Déconfinement progressif :
comme un « New Year, New Me » ?

Comme si l’année peut « enfin » commencer. Un « retour progressif à la vie normale » a laissé présager la voix qui s’est échappée de la radio nationale. Après quelques mois de remise en questions où se sont mêlées toutes sortes d’émotions, nous voilà presque « relâchés »…

Voilà le temps qui affiche sa victoire, qui étale son pouvoir. L’homme en cage aura donc fini de cocher les cases de son calendrier. Ces mois vont emporter tout ce qu’on n’a pas réussi à faire. Ce semestre va engloutir toutes ces bonnes résolutions, qui n’étaient pas celles prises en fin d’année d’ailleurs. Il n’y a pire peur pour l’humain que d’avoir une preuve du temps qui passe dans le vide, alors il fallait s’occuper autant que possible. L’après confinement est le nouveau repère temporel, plus pertinent et plus vivace que le réveillon de la Saint-Sylvestre.
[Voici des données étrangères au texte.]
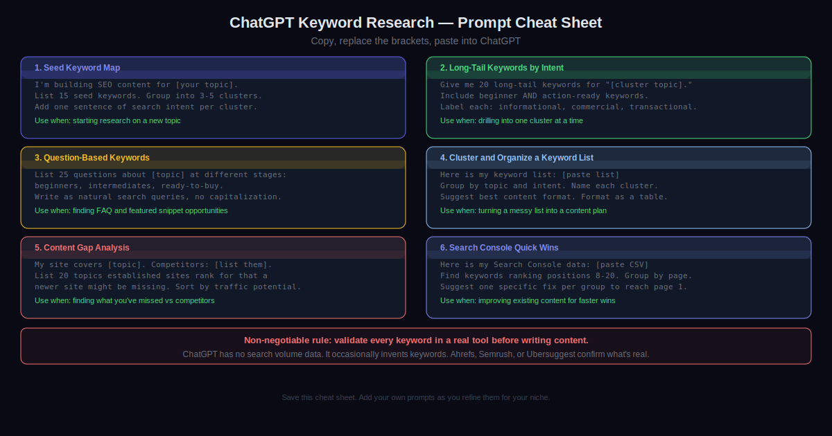 - One keyword validation tool. Ahrefs, Semrush, or free Ubersuggest. ChatGPT suggests. The tool confirms. You need both.
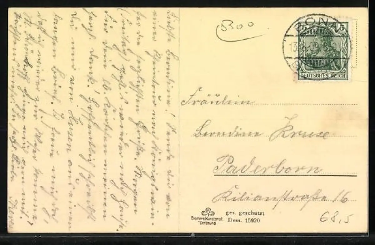 alte Ansichtskarte, gelaufen 1909, Stempelspur, guter Zustand

On se permet de nouveaux espoirs, même si on ne fait que recopier nos vœux passés, sans se donner les moyens pour les exaucer. On se fixe des objectifs, même si on ne fait que reprendre ceux de d’avant-confinement, sans penser réellement à fournir les efforts pour les atteindre. On décide de nouvelles résolutions, même si – en réalité – ce sont les mêmes qu’hier, mais ne pas les tenir n’est pas chose grave, il nous reste encore un peu de temps. On s’accorde une nouvelle chance de changer, même si on reste la même personne, avec toutes les mauvaises habitudes que ça implique. N’est-ce pas là le piège fatal du « retour à la normale ? » On promet à nouveau que les anciennes promesses vont – cette fois – être tenues. On se dit que c’est l’évènement qui ne nous a pas permis de réaliser nos rêves. Que ce n’était pas le bon moment, malgré qu’on se soit souhaité bonne année, comme à chaque fois. Que les vœux qu’on nous a présentés manquaient sûrement de sincérité. Que le monde est rempli de jaloux et d’hypocrites qui nous veulent du mal. Voilà qu’après la « bonne année » de décembre, on a le sentiment de revivre ce moment au milieu de l’année, mais on reste avec une sensation d’inachevés. Comme si on n’est pas encore prêt, qu’on a encore beaucoup à faire finalement. Bien sûr, plus que jamais, nous avons beaucoup à faire. On reste les mêmes.

Les réjouissances n’ont d’égales que les frustrations de l’enfermement des mois précédents. On prend donc un nouveau départ. Comme Janvier qui débarque souvent trop vite, Août semble avoir couru un marathon. Bien qu’on n’ait attendu que ce moment, on ne semble pas finalement si prêt, puisque le réflexe est de « reprendre » là où tout s’est arrêté. Seul le calendrier et les dates sont prêts à se faire oublier. On s’empresse alors de se goinfrer et de s’engouffrer. On se précipite de boire et de vomir, cette fois les dernières amertumes de la veille.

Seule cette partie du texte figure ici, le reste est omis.